From word models to world models

From word models to world models(arxiv.org)

100 points by dimmuborgir 3 years ago | 113 comments

cs702 3 years ago |

After a quick/superficial read, my understanding is that the authors:

(a) induce an LLM to take natural language inputs and generate statements in a probabilistic programming language that formally models concepts, objects, actions, etc. in a symbolic world model, drawing from a large body of research on symbolic AI that goes back to pre-deep-learning days; and

(b) perform inference using the generated formal statements, i.e., compute probability distributions over the space of possible world states that are consistent with and conditioned on the natural-language input to the LLM.

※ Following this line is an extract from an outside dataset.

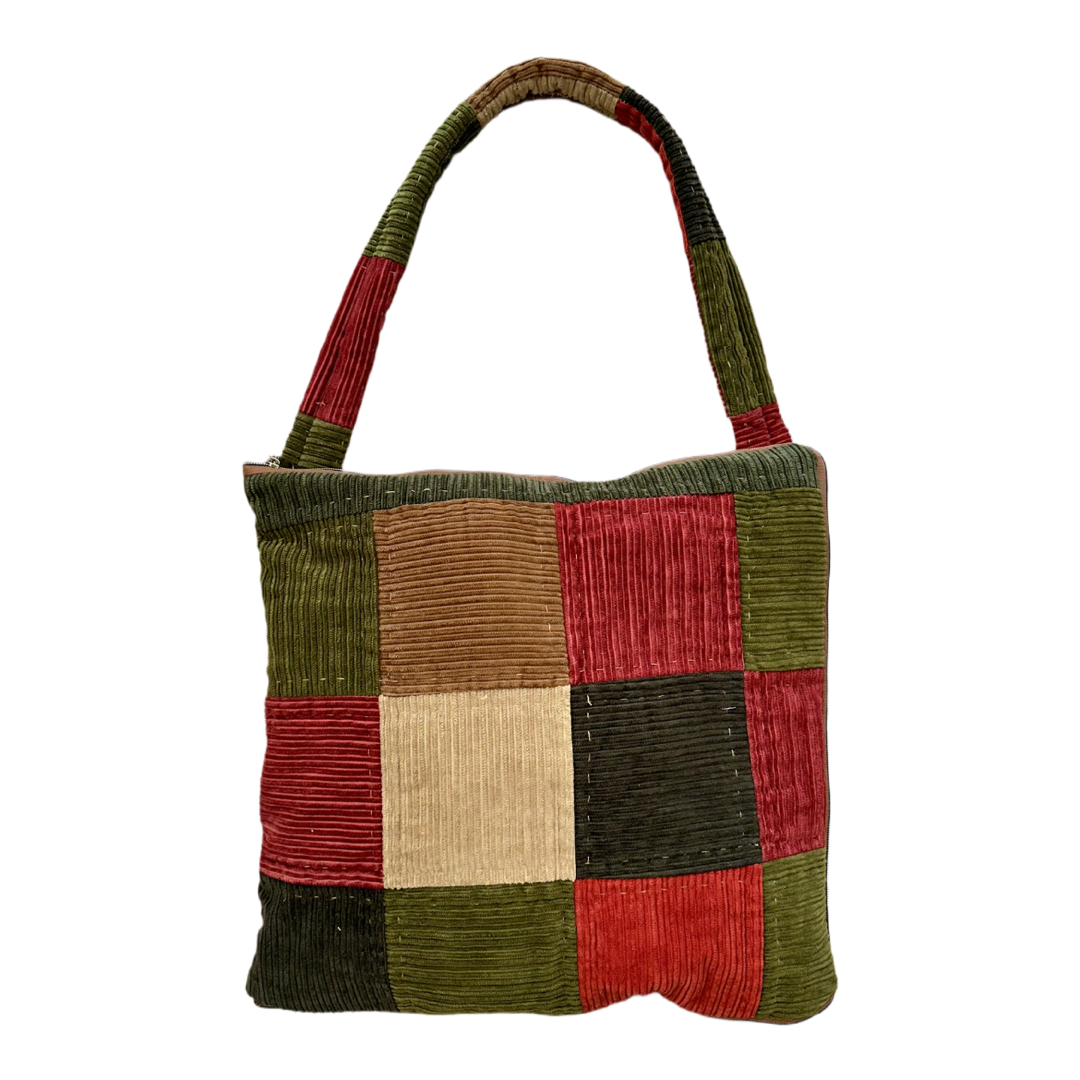 Her parça, dünyanın dört bir yanından özenle temin edilen vintage kumaşlardan titizlikle üretilir ve her biri kendine has renk, doku ve anlatım taşır. Fitilli kadifenin ışığı yakalama biçimi ve panel kombinleri, rustik ve mirasa köklenen estetiği dengeler. Kahverengi fermuar detaylarıyla işlevsellik ve görsel bütünlük sağlanmıştır.

If this approach works at a larger scale, it represents a possible solution for grounding LLMs so they stop making stuff up -- an important unsolved problem.

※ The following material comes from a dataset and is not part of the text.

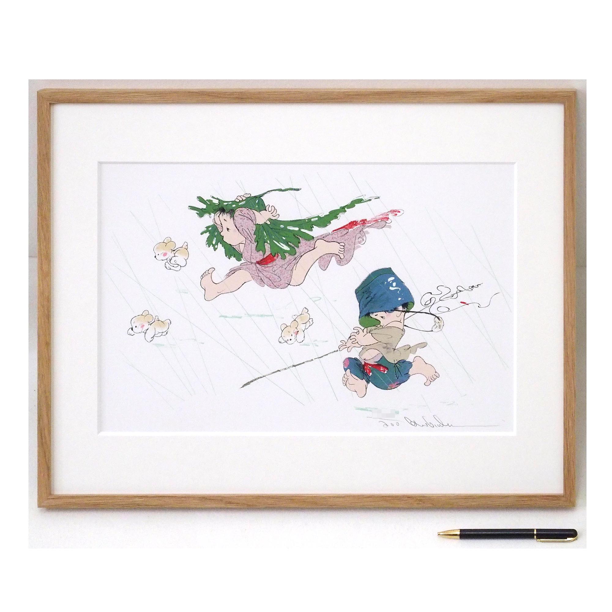 「にわか雨」中島潔による直筆サイン入りのリトグラフです。

The public repo is at https://github.com/gabegrand/world-models but the code necessary for replicating results has not been published yet.

The volume of interesting new research being done on LLMs continues to amaze me.

We sure live in interesting times!

---

PS. If any of the authors are around, please feel free to point out any errors in my understanding.

skepticATX 3 years ago | |

I have not yet read the paper, but based on this description it seems like it provides grounding in the context of the training data, which is kind of the rub with current LLMs to begin with, right? We don't have a set of high quality training data that is completely unbiased and factual.

agnosticmantis 3 years ago | | |

> … which is kind of the rub with current LLMs to begin with, right?

No, the bigger problem with current LLMs is that even with high quality factual training data, they often generate seemingly plausible nonsense (e.g. cite nonexistent websites/papers as their sources.)

This is by design imo; they’re trained to generate ‘likely’ text, and they do that extremely well. There’s no guarantee for faithful retrieval from a corpus.

cs702 3 years ago | | |

I'd describe it as grounding the model with a formally specified symbolic world model.

andsoitis 3 years ago | |

Humans’ experience and understanding of the world around them isn’t limited to a symbolic representation.

It remains to be seen whether you can truly be an effective intelligence with understanding of the world if all you have are symbols that you have to manipulate.

mjburgess 3 years ago |

It's a surprise to see a paper actually try to solve the problem of modelling thought via language.

Nevertheless, it begins with far too many hedges:

> By scaling to even larger datasets and neural networks, LLMs appeared to learn not only the structure of language, but capacities for some kinds of thinking

There's two hypotheses for how LLMs generate apparently "thought-expressing" outputs: Hyp1 -- it's sampling from similar text which is distributed so-as-to-express a thought by some agent; Hyp2 -- it has the capacity to form that thought.

It is absolutely trivial to show Hyp2 is false:

> Current LLMs can produce impressive results on a set of linguistic inputs and then fail completely on others that make trivial alterations to the same underlying domain.

Indeed: because there're no relevant prior cases to sample from in that case.

> These issues make it difficult to evaluate whether LLMs have acquired cognitive capacities such as social reasoning and theory of mind

It doesnt. It's trivial: the disproof lies one sentence above. Its just that many don't like the answer. Such capacities survive trivial permutations -- LLMs do not. So Hypothesis-2 is clearly false.

famouswaffles 3 years ago | |

>It is absolutely trivial to show Hyp2 is false

No it's not

> Current LLMs can produce impressive results on a set of linguistic inputs and then fail completely on others that make trivial alterations to the same underlying domain.

>Indeed: because there're no relevant prior cases to sample from in that case.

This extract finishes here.